Словно в полусне, Нина прочла одно за другим все письма: их было шесть. Все они оказались адресованы ее младшей сестре, все написаны одним и тем же почерком и подписаны князем Дадешкелиани. Самой последней в связке лежала фотография: снимок молодого человека в форме поручика кавалерийских войск. Вглядевшись в его лицо, Нина подняла глаза на фотографию на стене. Мери Дадешкелиани… Зураб Дадешкелиани… Одинаковые твердые, резковатые, открытые лица, черные глаза, густые брови… Кто был этот Зураб? Брат маленькой княжны? Зажмурившись, Нина вспомнила, что сестренка, кажется, в самом деле писала ей, что к княгине и княжне приехал в отпуск из действующей армии кузен Мери, кавалерийский поручик. Но Дина упомянула о нем мельком, тут же вернувшись в письме к каким-то цыганским делам, и Нина не придала этому никакого значения.
«Наверное, тогда еще ничего у них не было…» – подумала она. И тут же сообразила, что во время войны длинных отпусков не давали. Самое большое через месяц Зураб Дадешкелиани должен был вернуться в действующую армию. Как же Дина умудрилась за месяц стать невенчанной женой этого чужого человека? Как могла пойти на такое, забыть о семье, о родителях, о собственной чести?
– Диночка, Диночка, Диночка… – бормотала Нина, прижимая к груди письма и не сводя почему-то глаз с лица поручика Дадешкелиани на карточке. – Как же ты могла… Девочка, пхэноринько[10 - Сестренка (цыганск.).], как же ты могла… как решилась… не побоялась… Ты ведь цыганка, как же так, зачем?.. Куда ж мама с отцом смотрели… Что с тобой теперь будет, господи?!

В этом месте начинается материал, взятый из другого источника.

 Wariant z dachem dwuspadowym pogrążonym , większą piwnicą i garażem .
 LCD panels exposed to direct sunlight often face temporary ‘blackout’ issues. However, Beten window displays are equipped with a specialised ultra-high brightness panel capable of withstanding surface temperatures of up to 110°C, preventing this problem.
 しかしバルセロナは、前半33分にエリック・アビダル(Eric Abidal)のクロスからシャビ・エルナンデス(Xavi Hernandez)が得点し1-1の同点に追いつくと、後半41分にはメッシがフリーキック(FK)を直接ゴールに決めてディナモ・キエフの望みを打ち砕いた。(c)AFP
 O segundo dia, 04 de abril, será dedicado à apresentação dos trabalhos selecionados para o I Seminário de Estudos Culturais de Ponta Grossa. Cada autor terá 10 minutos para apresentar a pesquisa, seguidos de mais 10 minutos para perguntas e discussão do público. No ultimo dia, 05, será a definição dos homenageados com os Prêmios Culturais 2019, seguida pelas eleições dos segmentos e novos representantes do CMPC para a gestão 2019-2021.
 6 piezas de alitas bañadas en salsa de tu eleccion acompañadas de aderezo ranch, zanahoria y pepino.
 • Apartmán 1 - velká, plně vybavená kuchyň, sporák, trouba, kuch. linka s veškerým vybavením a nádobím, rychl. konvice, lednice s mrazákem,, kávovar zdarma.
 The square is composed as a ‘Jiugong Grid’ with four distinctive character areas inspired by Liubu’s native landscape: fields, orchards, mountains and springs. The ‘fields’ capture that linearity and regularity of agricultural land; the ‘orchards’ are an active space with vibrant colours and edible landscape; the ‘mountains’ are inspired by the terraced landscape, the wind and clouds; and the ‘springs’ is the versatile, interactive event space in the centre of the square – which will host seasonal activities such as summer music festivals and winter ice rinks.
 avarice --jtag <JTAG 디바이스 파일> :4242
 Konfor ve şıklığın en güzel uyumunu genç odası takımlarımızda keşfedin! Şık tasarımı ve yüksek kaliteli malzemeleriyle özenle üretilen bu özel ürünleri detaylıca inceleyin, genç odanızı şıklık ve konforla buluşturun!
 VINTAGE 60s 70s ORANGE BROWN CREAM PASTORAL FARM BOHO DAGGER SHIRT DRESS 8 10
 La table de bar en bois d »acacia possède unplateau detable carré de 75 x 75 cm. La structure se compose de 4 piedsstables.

И тут же новая страшная мысль пронзила ее: Нина поняла, что родители так ничего и не узнали. Не узнали – потому, что этой весной Дина вышла замуж в таборе. Мать никогда не просватала бы Дину, зная, что она уже была с мужчиной, не допустила бы несмываемого позора для всего рода… Но Дина… ВЫШЛА ЗАМУЖ В ТАБОРЕ! Вышла за таборного парня! Вышла этой весной!!!
– Дэвлалэ… – пробормотала Нина, чувствуя, что от страха у нее вот-вот остановится сердце. – Дэвлалэ, господи милосердный, да что же это такое? Что же это такое, ма-моч-ки?!.